This court grants summary judgment where there are no genuine issues of material fact and the moving party is entitled to a judgment as a matter of law. See Cassesso v. Comm'r of Correction, 390 Mass. 419, 422 (1983); Community Nat'l Bank v. Dawes, 369 Mass. 550, 553 (1976); Mass.R.Civ.P. 56(c), 365 Mass. 824 (1974). The moving party bears the burden of affirmatively demonstrating the absence of a triable issue and that the summary judgment record entitles the moving party to judgment as a matter of law. Pederson v. Time, Inc., 404 Mass. 14, 16-17 (1989). This may be done by submitting affirmative evidence that negates an essential element of the nonmoving party's case or by showing that the nonmoving party has no reasonable expectation, of proving of its case at trial. Kourovacilis v. General Motors Corp., 410 Mass. 706, 716 (1991). See also Commonwealth v. Two Parcels of Land, No. 97-P-1790 (App.Ct. March 2, 2000), slip. op. at 3. (internal quotation and citation marks omitted); Giacalone v. I.E.S., Inc., Civil Action No. 97-4666, 10 Mass. L. Rptr. 209, 1999 WL 513898 (Mass. Super. May 17, 1999).

Here, Paul Revere argues that it is entitled to summary judgment because Payne's claims for breach of contract and violations of G.L.c. 176D and G.L.c. 93A are preempted by ERISA. Since questions of preemption raise important issues of subject matter jurisdiction that can never be waived, this court first examines the basis for the exercise of concurrent jurisdiction under 29 U.S.C. 1132(e). See Jamgochian v. Dierker, 425 Mass. 565, 567 (1997) (parties cannot waive defect in subject matter Jurisdiction), Second Bank-State St. Trust Co. v. Linsley, 341 Mass. 113, 116 (1960). See also Central Transport, Inc. v. Package Printing Co., Inc., 429 Mass. 189, 191 (1999) (questions of preemption under ERISA raise subject matter jurisdiction issues).

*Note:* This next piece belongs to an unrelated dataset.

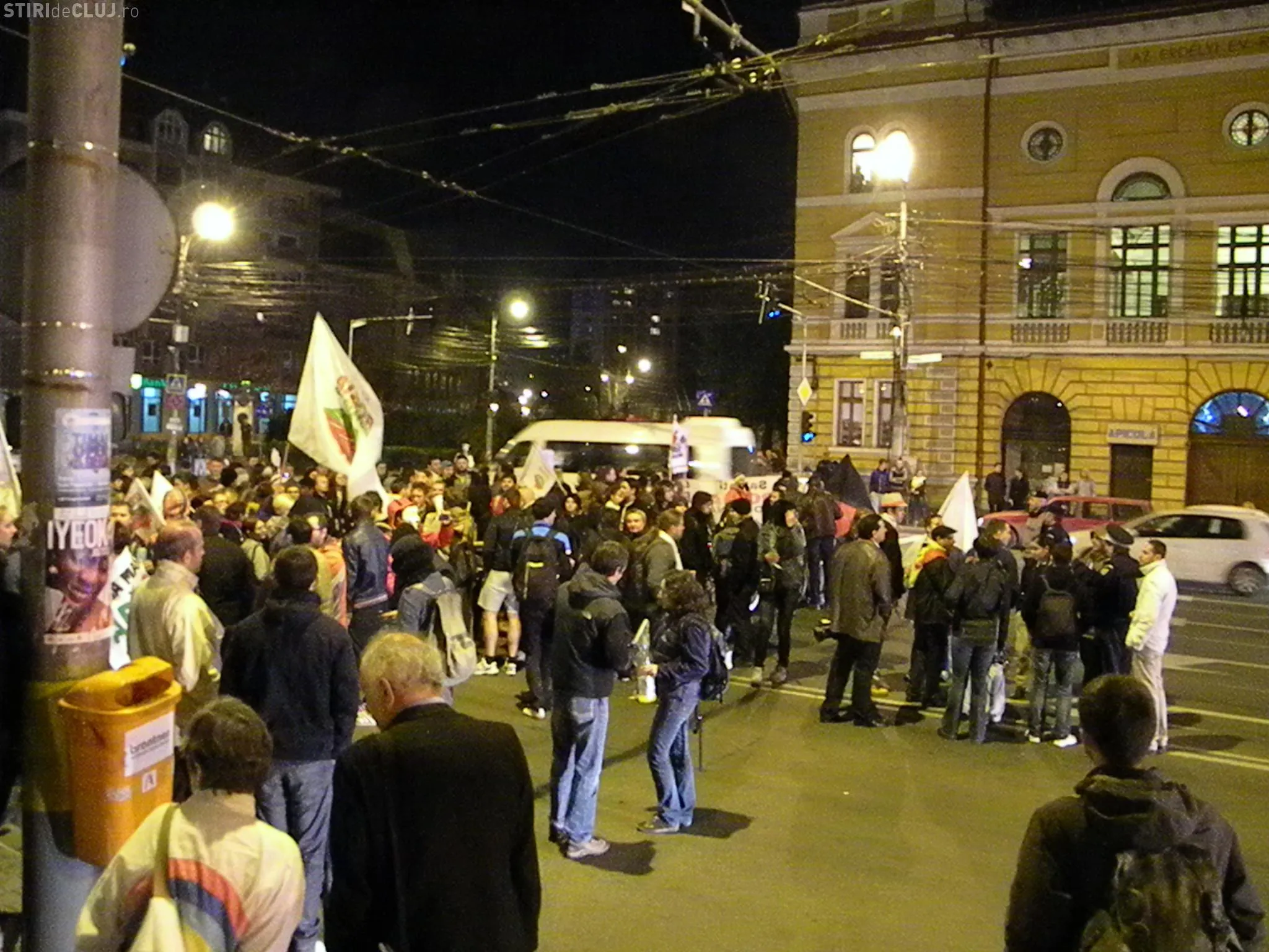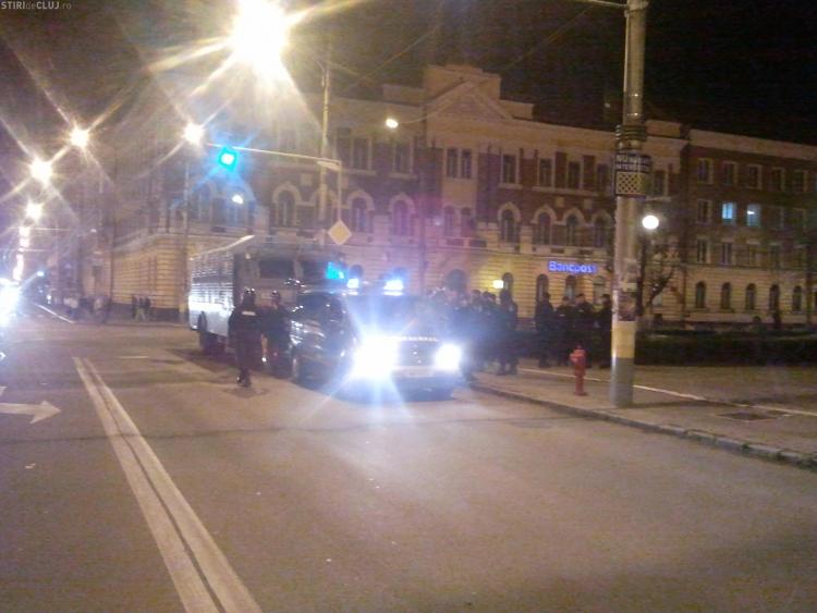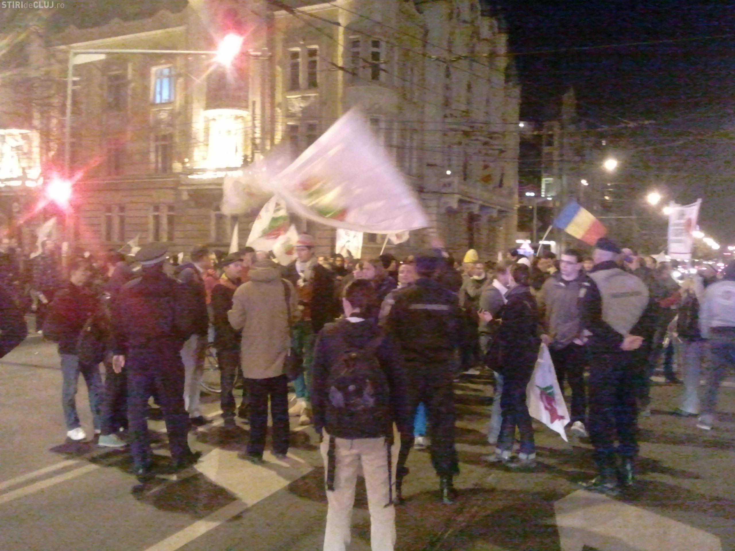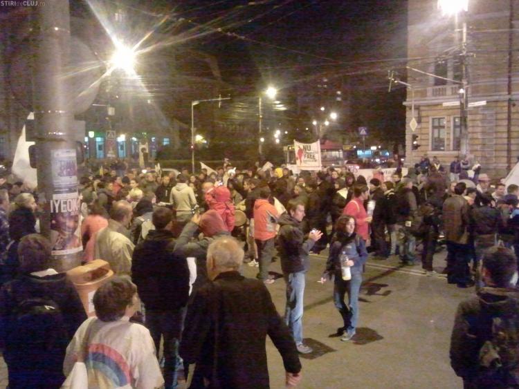 Protestatarii au deblocat traficul de bunavoie si s-au retras in Piata Avram Iancu.

II. Subject Matter Jurisdiction

While Congress may have intended to comprehensively and exclusively regulate the administration of employee benefit plans, such as the EXECU-FLEX plan at issue here, see Best v. AGFA Compugraphic, Civil Action No. 91-13406, 1992 WL 390713 at *2 (U.S. Dist. Ct. December 9, 1992), citing Pilot Life Ins. Co. v. Dedeaux, 481 U.S. 41, 44 (1987), it did legislatively permit state courts such as this court, to exercise concurrent jurisdiction over "civil action[s]... brought by a participant or beneficiary [of an employee benefit plan]... to recover benefits due him under the terms of his plan, to enforce his rights under the terms of the plan, or to...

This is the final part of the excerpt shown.